Ale segera mendapatkan pertolongan, melalui celah jendela ruang UGD tampak jelas seorang dokter memeriksa tubuh rinkihnya dengan dibantu suster yang memasangkan infus pada tangan kanan Ale. Hati Aqila tak karuan menyaksikan Ale kembali terkapar karena keteledorannya.
"Qil," ajak Marvel meraih tangan kanan Aqila untuk diajaknya duduk di kursi tunggu.
"Dokter akan melakukan hal yang terbaik, aku pikir Ale orang yang kuat," ujar Marvel mencoba menenangkan Aqila yang terlihat kacau. "Minum dulu," membuka sebotol air mineral, memasukan sedotan, dan memberikannya pada Aqila.

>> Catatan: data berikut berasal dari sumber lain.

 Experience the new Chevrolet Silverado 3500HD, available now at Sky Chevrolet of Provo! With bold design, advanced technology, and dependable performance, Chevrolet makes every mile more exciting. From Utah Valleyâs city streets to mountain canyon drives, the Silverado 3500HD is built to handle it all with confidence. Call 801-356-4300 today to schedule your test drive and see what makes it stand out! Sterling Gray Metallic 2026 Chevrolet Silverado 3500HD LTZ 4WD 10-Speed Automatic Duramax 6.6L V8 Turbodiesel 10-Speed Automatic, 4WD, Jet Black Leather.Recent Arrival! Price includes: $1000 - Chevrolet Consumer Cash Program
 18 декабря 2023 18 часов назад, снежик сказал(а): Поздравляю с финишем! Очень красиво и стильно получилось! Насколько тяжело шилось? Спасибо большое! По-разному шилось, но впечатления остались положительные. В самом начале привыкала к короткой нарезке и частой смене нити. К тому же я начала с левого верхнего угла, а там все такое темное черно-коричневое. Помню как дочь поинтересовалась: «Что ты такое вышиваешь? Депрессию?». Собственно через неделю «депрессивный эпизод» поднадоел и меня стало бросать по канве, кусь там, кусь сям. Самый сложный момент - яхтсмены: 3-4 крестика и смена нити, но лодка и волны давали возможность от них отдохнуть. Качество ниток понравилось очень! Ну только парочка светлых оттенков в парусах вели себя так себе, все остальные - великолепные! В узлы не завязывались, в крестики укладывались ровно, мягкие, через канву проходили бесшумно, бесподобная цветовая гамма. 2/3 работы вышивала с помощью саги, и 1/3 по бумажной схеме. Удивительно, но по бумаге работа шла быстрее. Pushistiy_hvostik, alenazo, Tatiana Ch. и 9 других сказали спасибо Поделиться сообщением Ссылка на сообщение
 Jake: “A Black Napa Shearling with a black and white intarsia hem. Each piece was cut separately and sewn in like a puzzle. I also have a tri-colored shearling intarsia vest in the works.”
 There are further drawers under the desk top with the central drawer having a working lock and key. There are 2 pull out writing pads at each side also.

Belum sempat Aqila meminumnya, seorang dokter dengan jubah putih kebanggaannya keluar dari ruang UGD. Aqila dan Marvel menghampirinya untuk mendapatkan informasi mengenai kondisi Ale. Cukup jelas terlihat wajah resah Aqila ketika mendengarkan pemaparan dari dokter tersebut.

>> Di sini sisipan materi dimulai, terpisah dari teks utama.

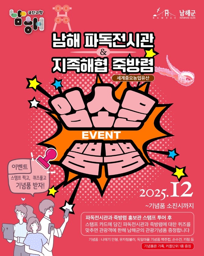 한편, 이벤트 관련 자세한 사항은 남해군 홈페이지 및 SNS를 통해 확인할 수 있다.
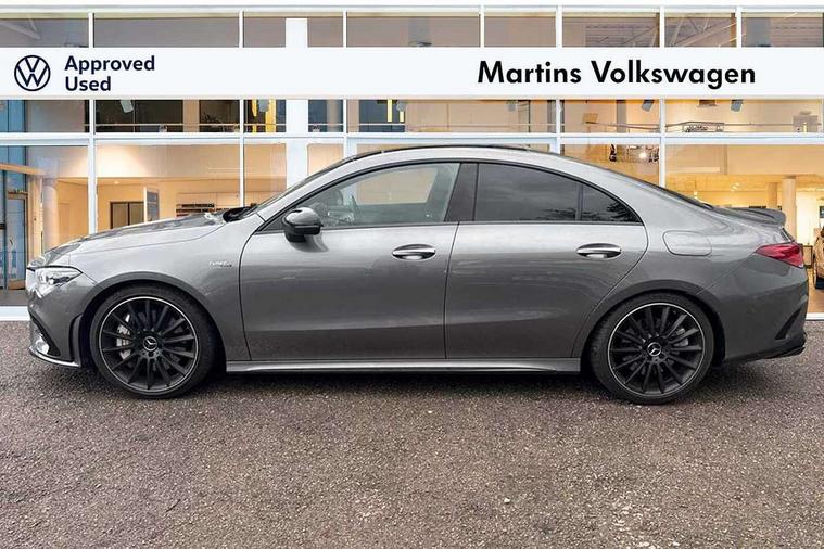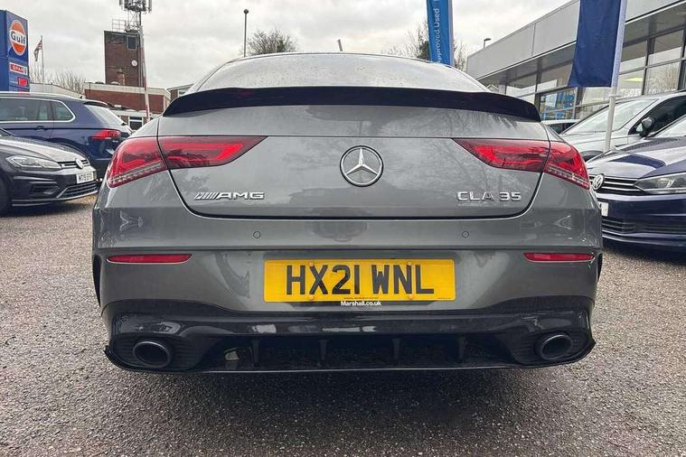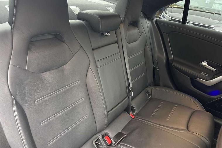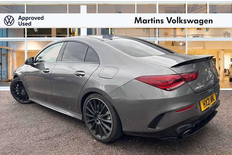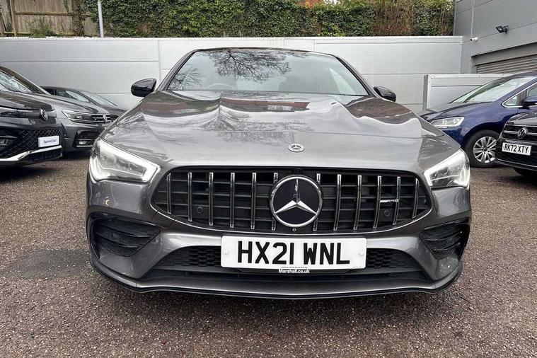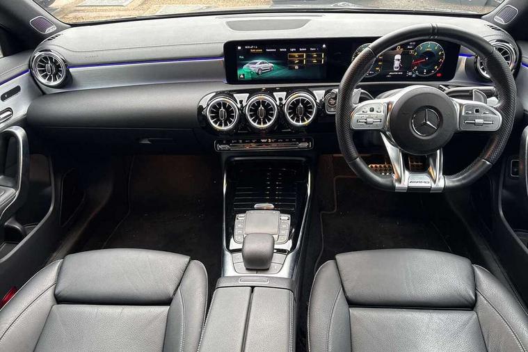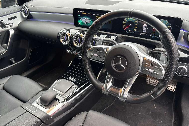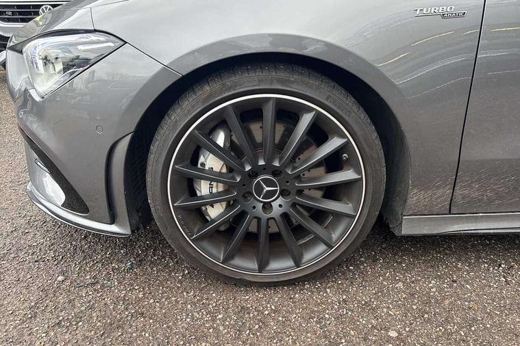 10.25 inch Instrument display with digital cockpit, 10.25 inch touchscreen central media display, Attention assist - Monitors steering behaviour and long journey fatigue, Bluetooth connection, Car wash mode, Digital instrument cluster with three AMG display styles and AMG menu, DYNAMIC SELECT with driving programs (Slippery, Comfort, Sport, Sport+ and Individual), ECO start/stop function, Fluid level warning indicator for fuel, oil, coolant and washer fluid, Hard-disk navigation, Hey Mercedes Voice activation, Lamp failure indicator, MBUX augmented reality for navigation, Mercedes me connect including emergency call system, accident recovery, breakdown management and maintenance, Mercedes me remote services, Outside temperature gauge, Owners manual and service booklet in English, Pre-installation of private car share, Preinstallation for Mercedes Benz link, Radio aerial integrated into front and rear windshields, Remote and charging services plus, Service indicator (ASSYST), Smartphone integration with Apple CarPlay and Android auto, Traffic sign assist, Trip computer in multifunction display with current consumption indicator, Wireless charging, 7G-DCT 7 speed automatic transmission, AMG suspension, Rear axle multi-link, Suspension with adaptive damping system, Burmester surround sound system (590W) with premium mid range speaker, tweeter, 2 speakers in C pillars, subwoofer, DSP amplifier + burmester letter, DAB digital radio tuner, MBUX multimedia system with DAB digital radio and touchpad including satellite navigation, USB (type C) ports (2) in stowage compartment and 1 in front of centre console, Adaptive brake lights, AMG body styling with AMG front apron and rear apron and visible exhaust tailpipe in chrome trim elements, AMG bodystyling side skirts, AMG Front apron with flics as air deflector elements on the outer air intakes, AMG radiator grille with twin blade lamella and AMG Lettering, AMG Rear apron with specific diffuser look with four vertical fins and two round chrome plated tailpipe trim elements with a diameter of 90 mm, AMG Sports exhaust system with two round tailpipes measuring 90 mm in diameter attached in rear apron, AMG lettering plus ribbing on the inside of the, Automatically controlled exhaust flap, Beltline strips in High gloss Black, Body colour bumpers, Body colour door handles, Chrome weather strip, Electric windows, Electrically adjustable and heated door mirrors with integrated LED indicators, Front splitter and trim elements on the louvres in the outer air inlets in silver chrome, Front wings with TURBO 4MATIC lettering, Headlamp assist automatic headlamp activation, Heated glass rear windscreen + timer control, High level LED third brake light, Integrated LED daytime running lights, Interior mirror with black reading lamps and frameless, LED tail lamp, Multibeam LED headlamps with adaptive highbeam assist plus, Privacy glass with dark tinting on rear side windows and rear window, Rain sensing windscreen wipers with two sensitivity settings, Rear fog lamp, Window line trim strip in high gloss black, 40:20:40 split folding rear seats with backrest, Air conditioning - Two zone thermotronic luxury automatic climate control with display, Air vents with surround in silver chrome, AMG Performance steering wheel in nappa leather, Automatic child seat recognition sensor, Black roof lining, Brushed stainless steel sports pedals with rubber studs, Electrically adjustable front memory seats including lumbar support, Floor mats with stitched AMG lettering, Front centre armrest with stowage, Heated front seats, Illuminated front door sills with changeable cover, Illuminated glove compartment stowage, Interior lighting - 64 colour Ambient lighting, Luggage net on driver/front passenger seat backrest, Manually height and reach adjustable steering column, Rear armrest with two integral cup holders for drinks, Rear head restraints, Silver coloured aluminium gear shift paddles on steering wheel, Sport seats with fixed head restraints, Stowage compartment in centre console with retractable cover, Sunvisors with illuminated vanity mirrors, Touchpad on center console, Twin front cupholders, Two outer rear seat isofix and top tether child seat fixing points, Aerodynamics pack - CLA, AMG Night package - CLA 35/45, Keyless go pack - CLA, Light and sight pack - CLA, Mirror pack - CLA, Parking package - CLA, Seat comfort pack - CLA, Active bonnet pedestrain safety measure which detects an impact and raises bonnet by 65mm, Adaptive brake assist with hold function and hill start assist, Anti-lock braking system (ABS), Black seat belts, Bonnet with power domes, Brake pad wear warning indicator, Childproof locks manually operated for rear doors and electrically operated for rear power windows, Crash responsive emergency lighting, Driver and front passenger head and sidebags, Driver and front passenger windowbags, Drivers knee airbag, Dual stage driver and front passenger airbags, Electric parking brake, Electronic stability programme with acceleration skid control, ESP curve dynamic assist, Front and rear seatbelt reminder, Front brake calipers with AMG lettering, Front passenger seat occupancy sensor, Perforated front brake discs, Three point rear seat belts, Tyre pressure monitoring system, Warning triangle and first aid kit, Remote central locking and crash sensor with emergency opening function, Urban guard vehicle protection system with immobiliser and interior protection, Light aluminium with longitudinal grain interior trim, 19" AMG multi-spoke matt black painted light alloy wheels with high sheen finish, Summer tyres, Tirefit tyre sealant kit, Wheel arches wider for AMG wheels,

"Dia terlalu lelah, seharusnya itu tidak boleh terjadi," paparnya singkat mengambil jeda untuk kembali menjelaskan secara keseluruhan. "Dia sudah saya beri obat untuk selanjutnya hanya menunggu siuman dan menghabiskan satu botol infus, dia bisa dibawa pulang."
"Terima kasih," sahut Aqila mencoba melihat kondisi Ale.

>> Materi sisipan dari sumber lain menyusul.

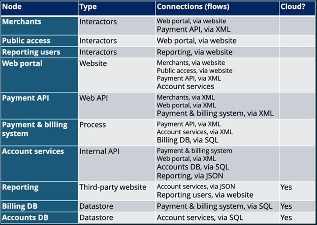 Nodes within the threat diagram can be impacted by Spoofing, Repudiation, Denial of Service and Elevation of Privilege.
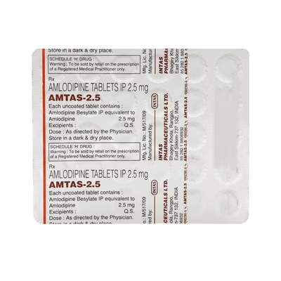 Amtas 2.5 Tablet belongs to the group of medicines known as calcium channel blockers. It is commonly prescribed to manage high blood pressure (hypertension) and to prevent angina, which is chest pain caused by reduced blood flow to the heart. By relaxing the blood vessels, this medicine helps reduce the heart’s workload and lowers the risk of serious health problems such as heart attacks and strokes.
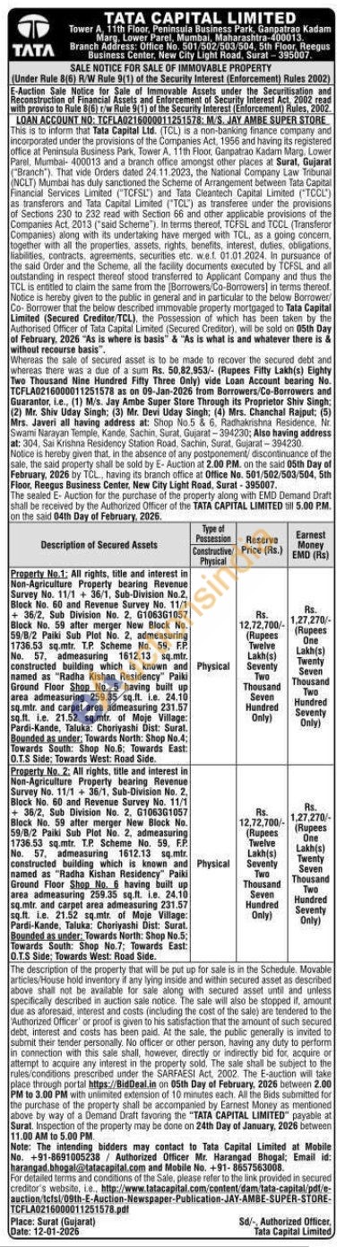 Property No. 2: All rights, title and interest in Non-Agriculture Property bearing Revenue Survey No. 11/1+ 36/1, Sub-Division No. 2, Block No. 60 and Revenue Survey No. 11/1 +36/2, Sub Division No. 2, G1063G1057 Block No. 59 after merger New Block No. 59/B/2 Paiki Sub Plot No. 2, admeasuring 1736.53 sq.mtr. T.P. Scheme No. 59. F.P. No. 57, admeasuring 1612.13 sq.mtr. constructed building which is known and named as "Radha Kishan Residency" Paiki Ground Floor Shop No. 6 having built up area admeasuring 259.35 sq.ft. i.e. 24.10 sq.mtr. and carpet area admeasuring 231.57 sq.ft. i.e. 21.52 sq.mtr. of Moje Village: Pardi-Kande, Taluka: Choriyashi Dist: Surat. Bounded as under: Towards North: Shop No.5: Towards South: Shop No.7: Towards East: O.T.S Side: Towards West: Road Side

"Kalau begitu saya permisi dulu, jangan lupa tolong jaga kondisinya jangan sampai terlalu lelah itu akan memicu kejangnya."
"Iya, akan kami usahakan, Dok," balas Marvel memegang tangan Aqila yang terlihat gemetar.
"Vel, aku mau masuk," izin Aqila untuk melihat kondisi Ale.
"Iya, aku tunggu di sini."
Aqila memasuki ruang UGD dengan hati tak karuan, melihat kondisi orang yang sangat dia cintai lemah tak berdaya. Langkahnya pelan tidak ingin membuat Ale terbangun dengan cepat. "Maafkan aku, Le," ucapnya pelan meraih tangan Ale yang terpasang selang infus.
"Apaan, sih, Qil," sahut Ale lirih membuka matanya.
"Le, istirahat aja dulu dokter bilang kamu terlalu lelah."
"Aku udah lebih baik," ujar Ale memberikan senyuman untuk Aqila. "Jangan telepon mamamu, pasti nanti panik."
"Aku sengaja nggak telepon mama ataupun papa, takut kena omel mereka."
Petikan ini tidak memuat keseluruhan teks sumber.